Link Search Menu Expand Document

Send failed row samples to Soda Cloud

When a scan results in a failed test, the CLI output displays information about the test that failed and why. To offer more insight into the data that failed a test, Soda Cloud displays failed rows in a monitor’s history.

Note: The current implementation of failed rows is evolving to better serve user needs.

There are three ways you can configure Soda SQL to send failed row samples to your Soda Cloud account:

  1. define a sample metric in your scan YAML file
  2. use a missing-value Metric Type in your monitor in Soda Cloud
  3. use custom metrics in your scan YAML file to explicitly send failed rows

Use a sample metric to send failed rows

  1. If you have not already done so, connect Soda SQL to your Soda Cloud account.
  2. Define a failed_limit sample metric in your scan YAML file to instruct Soda SQL to send a sample of failed rows to Soda Cloud for any tests that fail during a scan. Refer to the Scan YAML Example below.

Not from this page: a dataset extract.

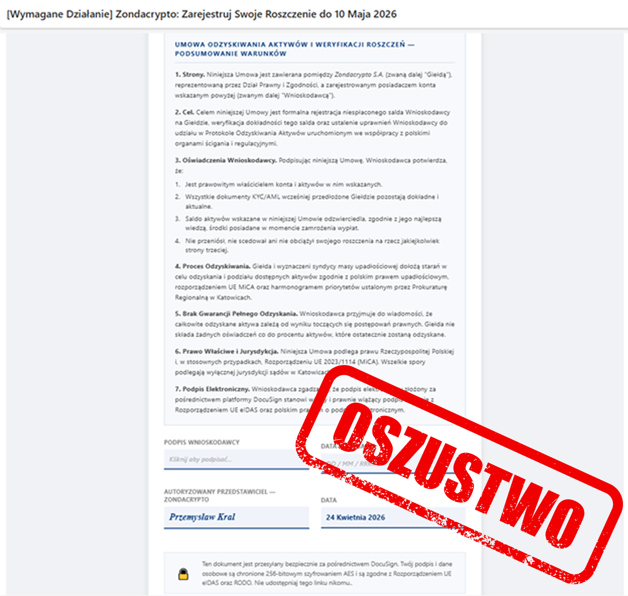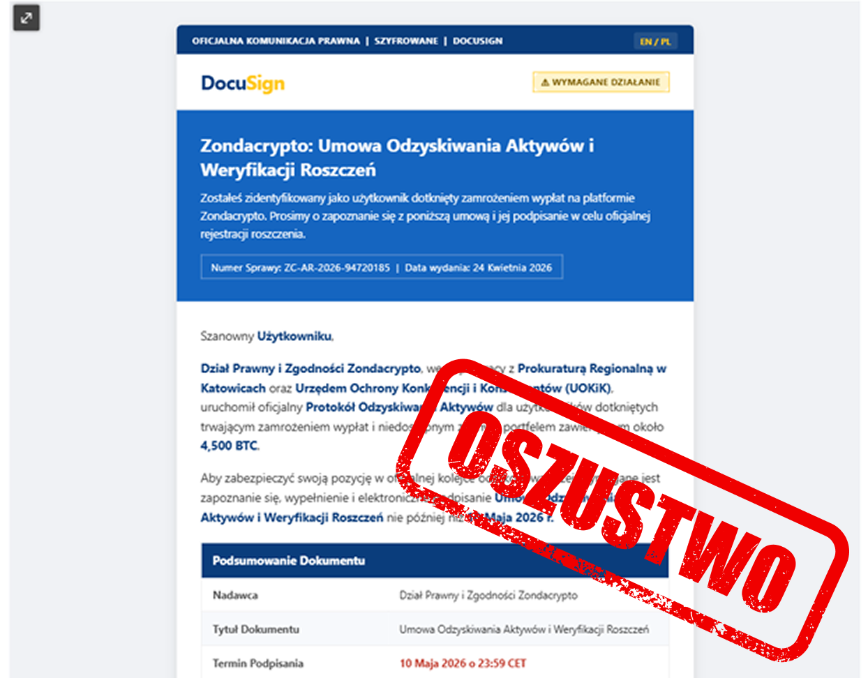 Cyberprzestępcy, wykorzystując rozgłos medialny sytuacji dot. giełdy kryptowalut, polują na poszkodowanych i kontaktują się z nimi, podszywając się pod instytucje publiczne, kancelarie prawne lub firmy oferujące pomoc w odzyskaniu środków na Zondacrypto.
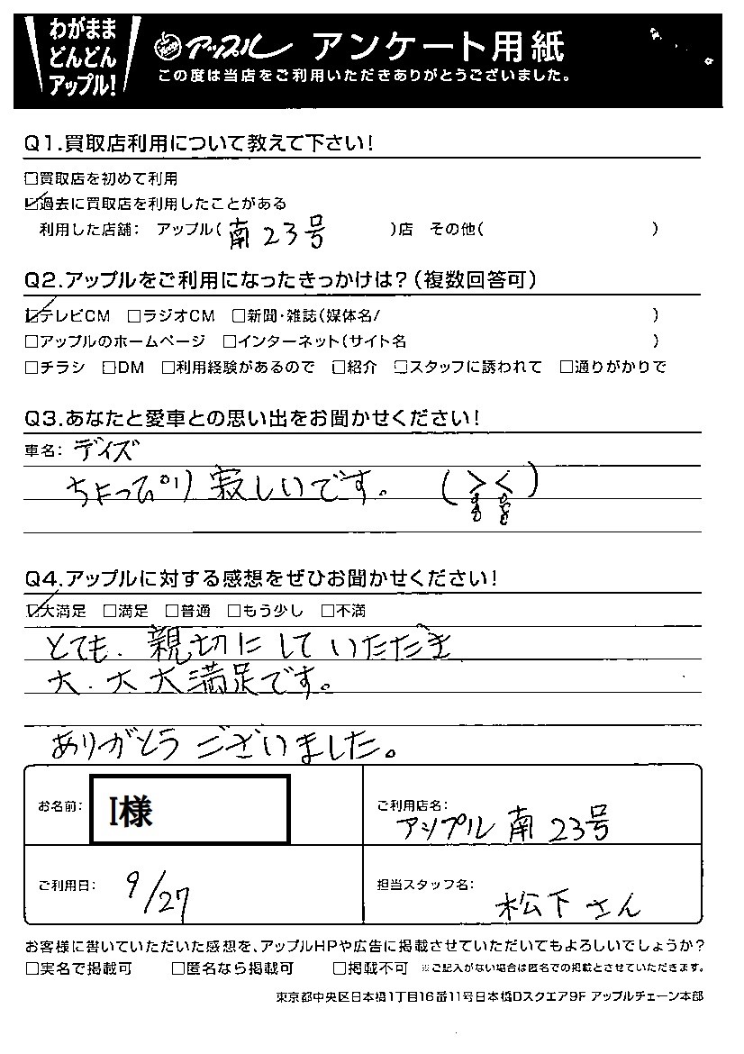 お車のご相談・ 査定だけでもOK! カンタン 入力 30秒 アップルがブランド買取始めました! お電話でも受付中! 受付時間10:00~19:00 052-619-3373 お車のご相談・ 査定だけでもOK! カンタン 入力 30秒 アップルがブランド買取始めました! お電話でも受付中! 受付時間10:00~19:00 052-619-3373 アップルがブランド買取始めました! お電話でも受付中! 受付時間10:00~19:00 052-619-3373 店舗情報 在庫車 スタッフ紹介 ブログ お客様の声 キャンペーン 無料査定 click お客様の声 ご記入日: 2021/09/27 I様 車名:日産 デイズ とても、親切にしていただき大、大 大満足です。ありがとうございました。 前へ 次へ お客様の声一覧を見る

For this example, imagine you define a test in your scan YAML file to make sure that 99% of the values in the productid column are correctly formatted as universally unique identifiers (UUID), then you run a scan from the command line to execute the test on the data in your dataset.

Scan YAML Example

table_name: orders
metrics:
  - row_count
  - missing_count
  - missing_percentage
  - values_count
  - ...
samples:
  failed_limit: 50
tests:
  - row_count > 0
columns:
  productid:
    valid_format: uuid
    tests:
      - invalid_percentage <= 1

CLI output:

  | Scan summary ------
  | 126 measurements computed
  | 2 tests executed
  | 1 of 2 tests failed:
  |   Test column(productid) test(invalid_percentage <= 1) failed with measurements {"invalid_percentage": 5.181347150259067}
  | Exiting with code 1

The scan results in a failed test that indicates that 5.18% of the rows in the productid column are incorrectly formatted. This is all the information that the CLI output reveals. To review the data that failed the test, you must directly access the dataset in the data source. However, if you are a Soda Cloud user, you can review the data in the failed rows without directly accessing the data.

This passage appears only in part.